Species of bacterium

Rothia dentocariosa is a species of Gram-positive, round- to rod-shaped bacteria that is part of the normal community of microbes residing in the mouth and respiratory tract.

R. dentocariosa secretes a peptidoglycan hydrolase that inhibits the growth of Moraxella catarrhalis (an ear infection pathogen) in vitro, indicating that it may have a protective effect against pathogens in the human nasopharnx.

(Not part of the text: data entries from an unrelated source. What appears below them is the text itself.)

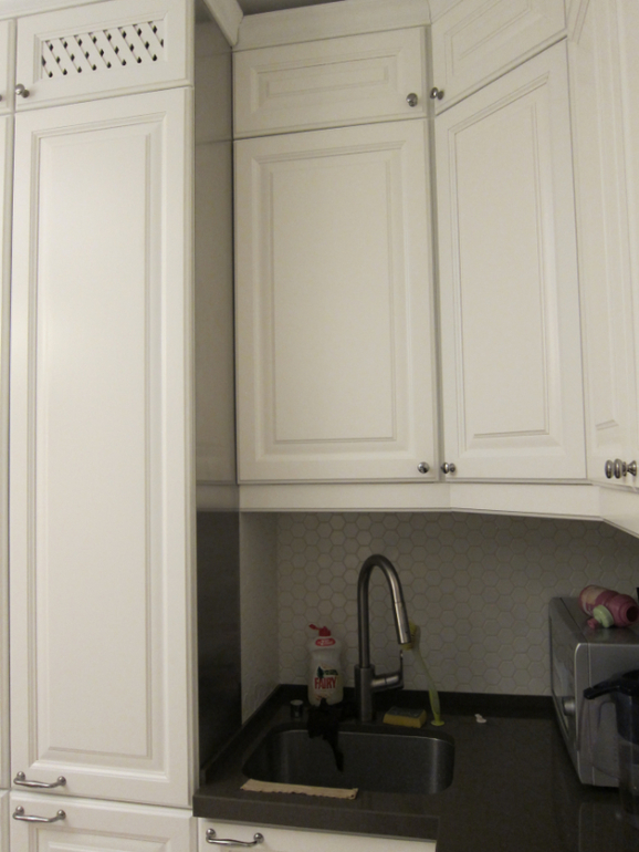 Было много вопросов об удобстве использования раковины в углу на кухне - все очень удобно, как и планировали закрыли боковую стенку шкафа около мойки листом нержавеющей стали - заказ аккуратно выполнил Вячеслав из http://www.art-l.net/ - очень советую.
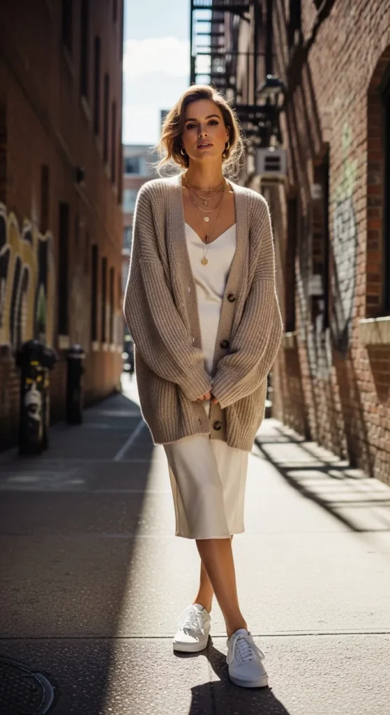 A soft oversized cardigan over a silky slip dress creates effortless cozy-chic vibes. Vans bring the outfit down-to-earth, perfect for casual dates or relaxed city outings.
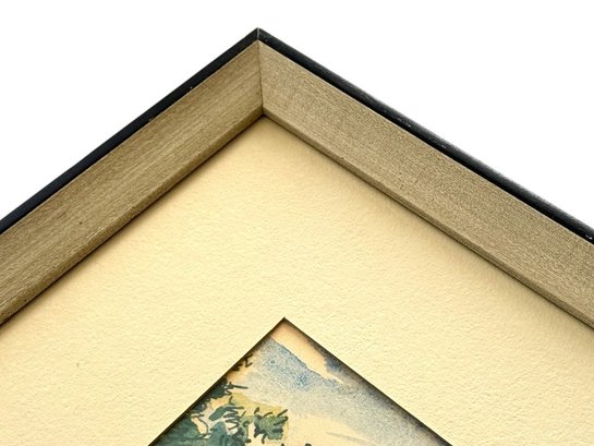 Note: Work shows light age toning consistent with vintage works on paper. Frame and backing exhibit wear and moisture rippling to backing paper (not examined out of frame).

First isolated from dental caries, R. dentocariosa is largely benign, but does very rarely cause disease. The most common R. dentocariosa infection is endocarditis, typically in people with underlying heart valve disorders. Literature case reports show other tissues that are rarely infected include the peritoneum, tonsils, lung, cornea, inner layers of the eye (Endophthalmitis) and brain and intercranial tissues.
It is found more abundantly in the dental plaque of individuals with healthy oral cavities and can often be reduced in abundance in periodontal disease. One case reports on a fatal R. dentocariosa infection of a fetus in utero. Another reports the bacterium was responsible for septic arthritis in the knee of a person treated with etanercept for rheumatoid arthritis. Like other R. dentocariosa infections reported in the literature, once the cause of infection was identified, this responded fully to treatment with antibiotics. R. dentocariosa infections may be treated with penicillins, erythromycin, cefazolin, rifampin, aminoglycoside, tetracycline, chloramphenicol, and trimethoprim-sulfamethoxazole.

Variable or pleomorphic in shape and similar to Actinomyces and Nocardia, Rothia was only defined as a genus in 1967. Rothia dentocariosa, like several other species of oral bacteria, is able to reduce nitrate to nitrite, and one study found it in 3% of isolates of nitrate-reducing bacteria from the mouth.